Recent news has praised PCR for saving lives by rapidly identifying the source of Legionnaires’ disease outbreaks and enabling measures to be implemented to halt further spread of the disease.

There are an estimated 8000– 18,000 cases of people who are hospitalized with Legionnaires’ disease in the USA every year and it is the leading cause of death from waterborne outbreaks.

Following a 2014 Legionnaires’ disease outbreak in New York City (NY, USA), the city’s health officials utilized PCR to identify the source, rather than the standard method involving bacterial culture, which takes 5—10 days to detect the Legionella bacteria. This innovative approach enabled a much quicker response to the epidemic.
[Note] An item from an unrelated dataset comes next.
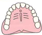
まず形を覚えよう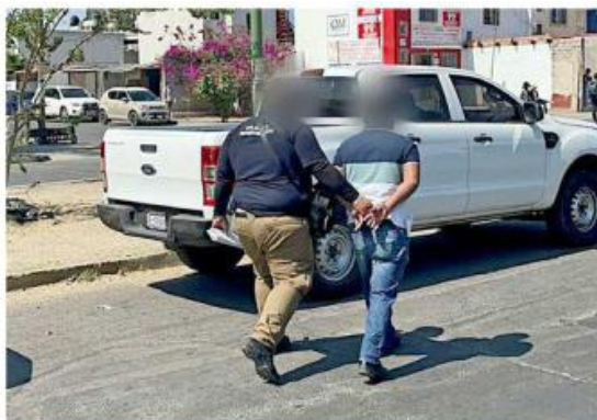
La Fiscalía del Estado ejecutó órdenes de aprehensión en contra de dos policías de Zapopan.

“In an outbreak investigation, the ability to identify and mitigate possible sources of exposure is critical to preventing more people from becoming infected. By using PCR, we were able to mitigate risks days earlier than if we had relied on traditional culture methods,” explained Christopher Boyd, co-author of the study and then-Assistant Commissioner of Environmental Sciences and Engineering.
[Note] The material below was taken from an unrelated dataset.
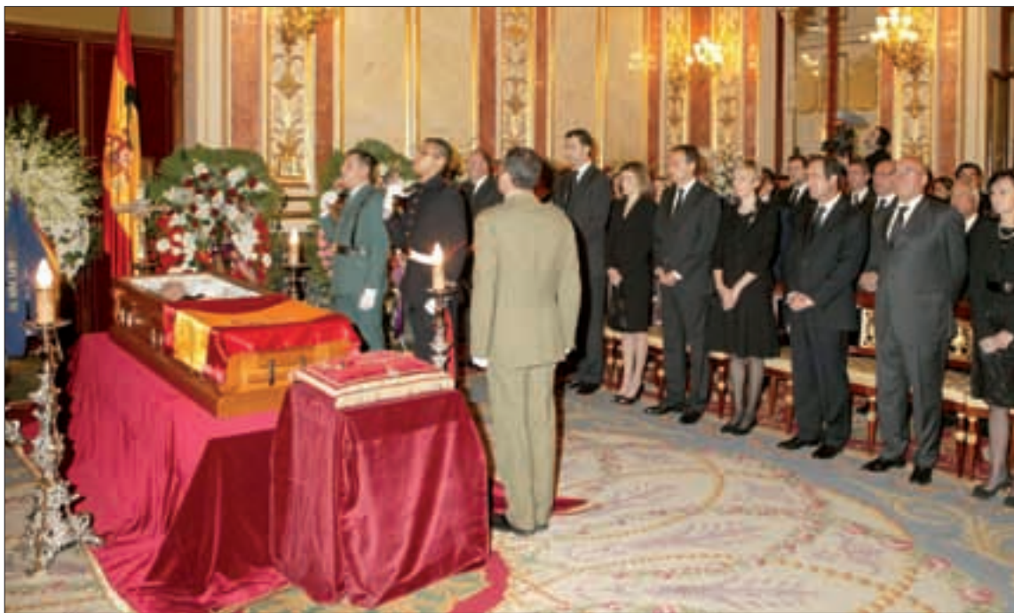
Sus Majestades los Reyes, los Príncipes y las máximas autoridades del Estado, frente al féretro del ex presidente

El piquete, cuyos miembros portaban armamento, estaba compuesto por diez soldados bajo el mando de un suboficial. La capilla ardiente se cerró a las nueve de la

“Our approach likely helped prevent more people from getting sick, because we were responding much sooner.”

The research recently published in the Journal of Environmental Health, suggests PCR should now be utilized in all cases of Legionnaires’ disease outbreaks due to the speed and ease with which the Legionella bacteria can be detected. In the PCR test, fragments of DNA are run through a thermocycler, which works by heating and cooling the sample continually to produce multiple copies of the DNA fragments and amplifying them for analysis in just a few hours.
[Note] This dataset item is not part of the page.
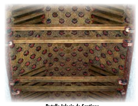
Detalle Iglesia de Santiago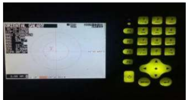
Gambar 1. Tampilan Tombol AIS Pada MV. Dahlia Merah

Berikut merupakan tampilan tombol AIS pada MV. Dahlia Merah ditunjukkan oleh Gambar 1 berikut.

However, PCR testing in this case does also have its limitations. Through this method, it is only possible to detect the bacteria and not whether it is dead or alive, as a bacterial culture can. Legionella bacteria can only cause infection if it is alive.

In the 2014 case, the team suspected that a building’s cooling tower was the source of a Legionnaires’ outbreak. They then took a water sample from this tower, tested it using PCR and confirmed the presence of the Legionella bacteria in the space of one day. The cooling unit could then be shut down and disinfected, preventing the further spread of the disease.

It took days after this to receive the results from the bacterial culture, confirming the bacteria was in fact alive, with more time on top of this to confirm these were the bacteria that caused the outbreak.

The team successfully utilized PCR testing again in 2015 for a Legionnaires’ disease outbreak that killed 16 and affected more than 100 people. Another cooling tower was identified as the source in this case and whilst the need for stricter rules and regulations for cooling towers became apparent in order to prevent outbreaks in the first instance, the PCR-enabled identification of the source no doubt prevented more cases and potential deaths.

Ebola

During the Ebola epidemic in West Africa in 2014, real-time genome sequencing was also introduced for the monitoring of the virus progression and mutations. However, it was proven difficult to maintain regular monitoring and this resulted in a more sporadic approach due to the difficulty of getting samples from rural areas to labs. It is hoped this has now been solved by the production of lab-in-a-suitcase models (4).

The lab-in-a-suitcase models include technologies such as Oxford Nanopore Technologies’ MinION DNA sequencer and a thermocycler contained within a box the size of a suitcase, enabling a mobile lab to be transported in the field to rural areas. There has also been a development of the same kind of technology for identification of the Zika virus in Brazil (5).

Scientists have, however, warned that these approaches to understanding disease outbreaks cannot replace traditional epidemiology where contacts are traced back to find how and where a person was infected with the virus and where the virus might be going next but instead, should be utilized to supplement and advance understanding.